# squat problem,



## max lift (Jun 23, 2005)

so I have been having some problems with my squats as of late , my left knee has been giving me some pain nothing too badd but enough to make me take some care I was thinking of wrapping it , any of you guys do this ? or have another method that you use ,


----------



## ORACLE (Jun 24, 2005)

max lift said:
			
		

> so I have been having some problems with my squats as of late , my left knee has been giving me some pain nothing too badd but enough to make me take some care I was thinking of wrapping it , any of you guys do this ? or have another method that you use ,



I would get a wrap or a neoprene(sp) knee brace.  Better safe than sorry


----------



## LITTLEME (Jun 24, 2005)

I Had Injured My  Knee Before And My Powerlifting Coach Had Me Just To Do Half Squats For A While. You Can Try That And Aso Maybe Go Less Weight And More Reps. Test Yourself To See What You Can Handle Trial And Error.


----------



## imdaman1 (Jun 24, 2005)

STATE CHAMP said:
			
		

> I Had Injured My  Knee Before And My Powerlifting Coach Had Me Just To Do Half Squats For A While. You Can Try That And Aso Maybe Go Less Weight And More Reps. Test Yourself To See What You Can Handle Trial And Error.

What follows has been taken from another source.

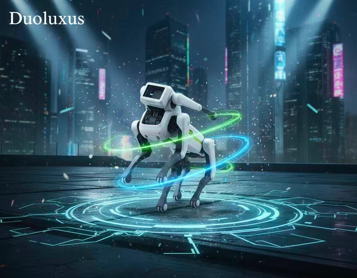 This is a Multifunctional Toy featuring a futuristic, Boston Dynamics-inspired robotic quadruped design that combines interactive pet features with an exciting water-bomb firing action.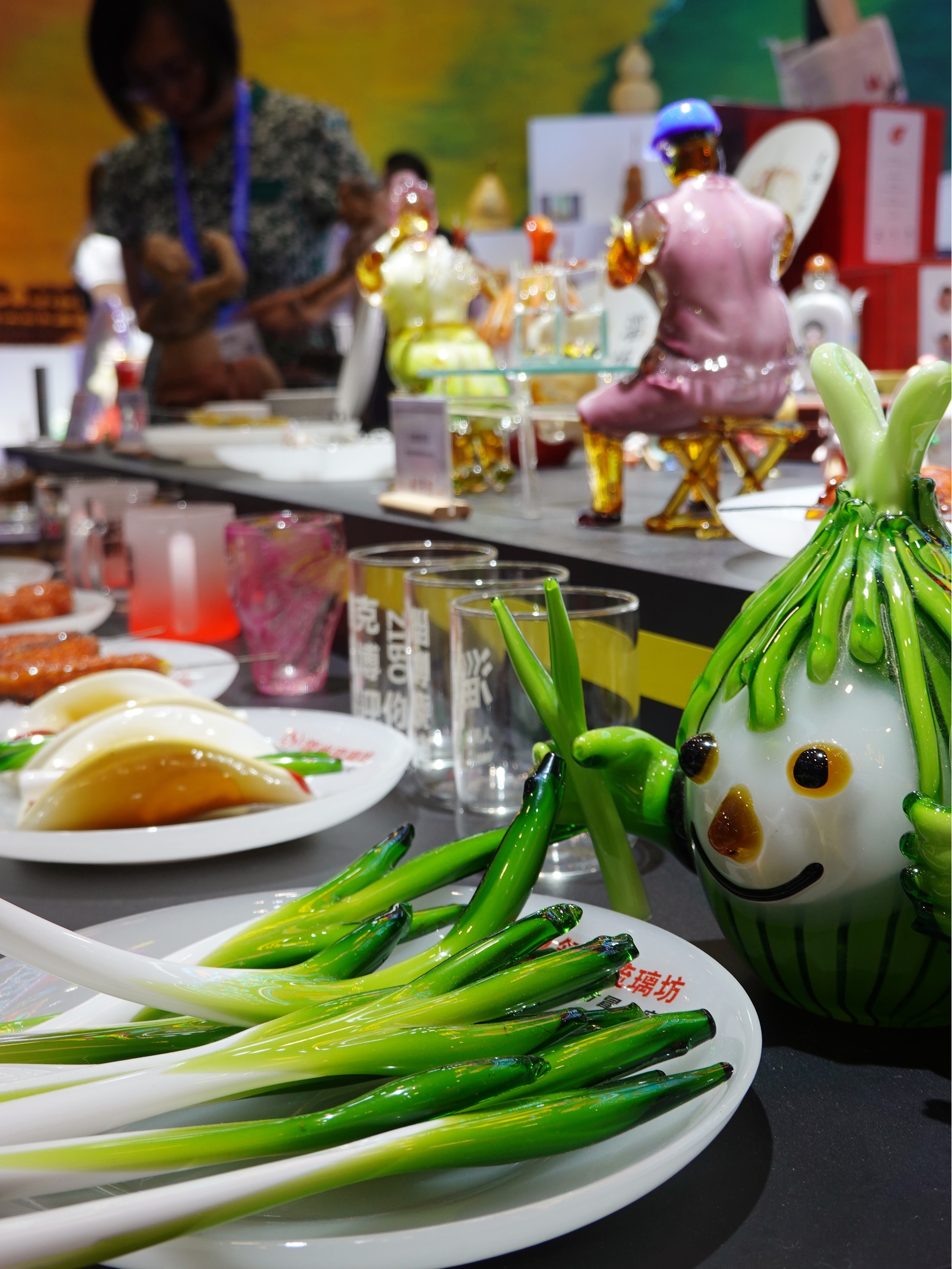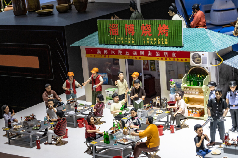 提起山东,不得不说到最近爆火的“淄博烧烤”。手工捏造的软陶和传统淄博琉璃技艺,再现出了“淄博烧烤”场景和各类食材。

I NEVER do squats without bracing my knees.  Its just a matter of time before you reach a level where one of your knees won't be able to handle the load and then it will blow out on you.  I've done it before and it is no fun.  You'll hit the floor and there you will stay until paramedics get there to carry your ass out. :bawling:


----------



## max lift (Jun 24, 2005)

thanks guys , its odd its the same amount of pain if I go light or heavy I think I will see the doc and see if he will get me a brace mabie I can put it through my insurance ;o)


----------